Investors are influenced by two primary behavioral biases: Cognitive Errors and Emotional
Biases:

1. Cognitive Errors

Cognitive Errors deal with how people think and result from memory and information-
processing errors and are, therefore, the result of faulty reasoning.
There are two sets of cognitive errors: belief perseverance biases and information-processing
biases.
Belief perseverance biases are those in which people have a hard time modifying their beliefs,
even when faced with information to the contrary. Belief perseverance biases include cognitive
dissonance, conservatism, confirmation, representativeness, illusion of control, and
hindsight.

Information-processing biases are those in which people make errors in their thinking when
processing information related to a financial decision. The information-processing biases
include anchoring and adjustment, mental accounting, framing, availability, self-
attribution, outcome, and recency.

2. Emotional Biases

Emotional biases are the result of reasoning influenced by feelings.
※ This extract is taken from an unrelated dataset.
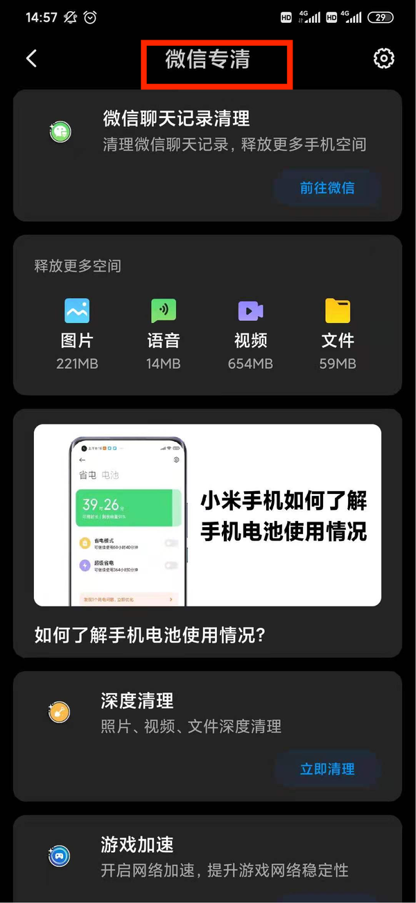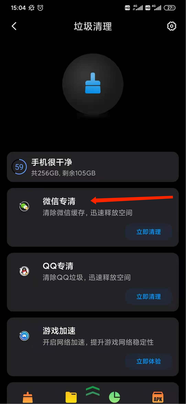 5、当手机内存或者SD卡存储空间都已经被占满了,空间不足也可能会造成闪退,我们可以去清理一下存储空间,做一些微信专清,大文件专清等工作释放一部分空间即可;

It is a very human reaction to feel mentally uncomfortable when new information contradicts
information you previously held to be true–a psychological phenomenon known as cognitive
dissonance. For example, two thousand years after the Greek philosopher Pythagoras proposed
the world is round, Columbus was still trying to refute the common belief that it was flat by
attempting to circumnavigate the globe.

Emotional biases are based on feelings rather than facts. Emotions often overpower our thinking
during times of stress. All of us have likely made irrational decisions at some time in our
lives. Emotional biases include loss aversion, overconfidence, self-control, status quo,
endowment, regret aversion, and affinity.